Bakan Bayraktar, büyük veri, yapay zeka ve dijitalleşme gibi unsurların bu denkleme eklenmesi durumunda enerji talebinin daha da yükselebileceğini belirtti. Türkiye’de enerjinin üçte birinin kömürden sağlandığını hatırlatan Bayraktar, yeni tesislerin kurulmasının giderek zorlaştığını ve finansman bulmanın güçleştiğini vurguladı.
Doğal gazın politik faktörlerden etkilendiğine ve jeopolitik gelişmelerle birlikte dalgalanmalar yaşandığına dikkat çeken Bayraktar, bu durumun enerji piyasalarında olumlu bir sinyal vermediğini belirtti. Ayrıca, hidroelektrik üretiminde potansiyelin neredeyse sonuna gelindiğini de sözlerine ekledi.
Yenilenebilir enerji kaynaklarına olan küresel ilginin arttığını ifade eden Bayraktar, bu kaynakların yalnızca ara kaynak olarak değerlendirileceğini söyledi.
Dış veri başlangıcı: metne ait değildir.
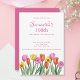 Schöne Aquarellbilder von bunten Frühlingtulips - perfekt für eine Frühjahrstagsfeier. Passen Sie die Einladungskarte zum 100. Geburtstag für jeden Meilenstein an.
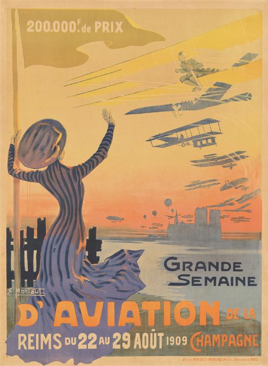 “The true ancestor of the aviation poster genre can be traced to Montaut... for his portrayal of the trailblazing assembly at Reims. Soft tints in the sky indicate that sunset is near, a time of day when the wind was apt to drop and flying was considered to be safer. A svelte female spectator, back to the viewer, lifts her arm in salute to an armada of aircraft rising like a swarm of bees... The curving zebra stripes of her costume—fully consonant with an impression of motion and speed, which after all was the crux of the message delivered by the newfangled flying machine—resonate as effectively as the determined look on the face of the nearest pilot. The Grande Semaine brought together for the first time the world’s greatest fliers. Among them were Louis Blériot, Henry Farman, Léon Delagrange, Hubert Latham, count Charles de Lambert, Louis Paulhan, Roger Sommer, and the American entry, Glenn Hammond Curtiss... Parisians streamed to the event; three thousand Britons came from London by special excursion, and two thousand Americans turned up to root for the single representative of their country. Reims was a watershed in the history of flight. Aviators who had flown ‘before Reims’ were regarded as veterans compared with those who learned to fly later. It dramatically demonstrated the progress made in aviation and provided an incalculable stimulus for the design and production of aeroplanes” (Looping the Loop, p. 42).

Güneşin ve rüzgarın sürekliliğinin sağlanamadığı durumlarda üretim zorlukları yaşandığını kaydederek, temiz bir baz yükü enerji kaynağına olan ihtiyacı ön plana çıkardı.
Nükleer enerjinin bu bağlamda önemli bir çözüm sunduğunu dile getiren Bayraktar, nükleer enerjinin Türkiye için sadece bir hayal değil, ekonomik bir gereklilik olduğunu vurguladı. Türkiye’nin büyüyen ekonomisi için temiz ve sürekli bir enerji kaynağı olan nükleer enerjinin sağlanmasının gerekliliğini ifade etti.
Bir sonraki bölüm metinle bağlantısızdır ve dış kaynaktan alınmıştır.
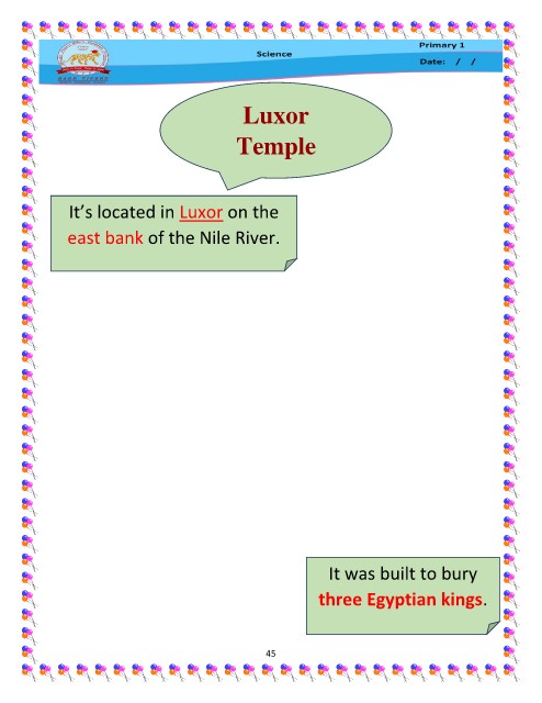 Luxor Temple It’s located in Luxor on the east bank of the Nile River. It was built to bury three Egyptian kings. 45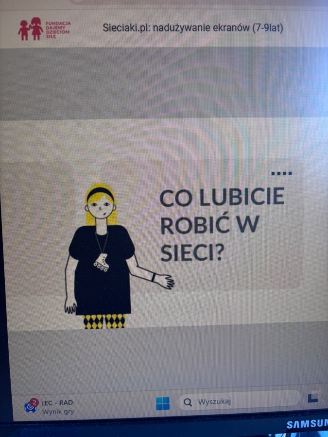 W trakcie zajęć omówiono również, jak ważne jest zachowanie równowagi między czasem spędzanym online a aktywnościami offline. Uczniowie wspólnie zastanawiali się, jakie mogą być zdrowsze i ciekawsze alternatywy dla korzystania z ekranów. Wymieniali m.in. spacery, jazdę na rowerze, zabawy na świeżym powietrzu, czytanie książek, rysowanie oraz spotkania z przyjaciółmi i rodziną.

Akkuyu Nükleer Güç Santrali’ndeki inşası devam eden dört üniteye ek olarak sekiz reaktöre daha ihtiyaç duyulduğunu belirten Bayraktar, 5 gigavatlık küçük modüler reaktörlerin uygun fiyatlı enerji sağlamak ve arz güvenliğini artırmak için gerekli olduğunu dile getirdi.
Bayraktar, nükleer enerji projelerinin arz ve talep ile ekonomik ve sosyal boyutlarının dikkate alınarak değerlendirilmesi gerektiğini belirtti. Akkuyu NGS’nin çevresinde oluşan ekonomik büyümeye değinen Bayraktar, bu proje sayesinde sanayiden inşaata kadar yaklaşık 300 şirketin bir ekosistem geliştirdiğini, bu durumun birçok kişiye istihdam sağladığını ifade etti.
Rosatom’un nükleer enerji projelerindeki sorumlu yaklaşımına da vurgu yapan Bayraktar, Akkuyu NGS’nin bulunduğu bölgedeki topluma sağladığı katkıları aktardı. Aynı zamanda, proje kapsamında edinilen insan sermayesinin Macaristan’daki Paks 2 veya Mısır’daki projelere aktarım imkanı sunduğunu belirtti. Rusya’da eğitim gören yüzlerce Türk öğrencinin nükleer alandaki eğitimlerinin, insan kaynaklarının gelişimine katkı sağladığını kaydeden Bayraktar, nükleer enerjinin tüm bu yönlerinin Türkiye’nin ekonomik dinamizmini artırdığını ifade etti.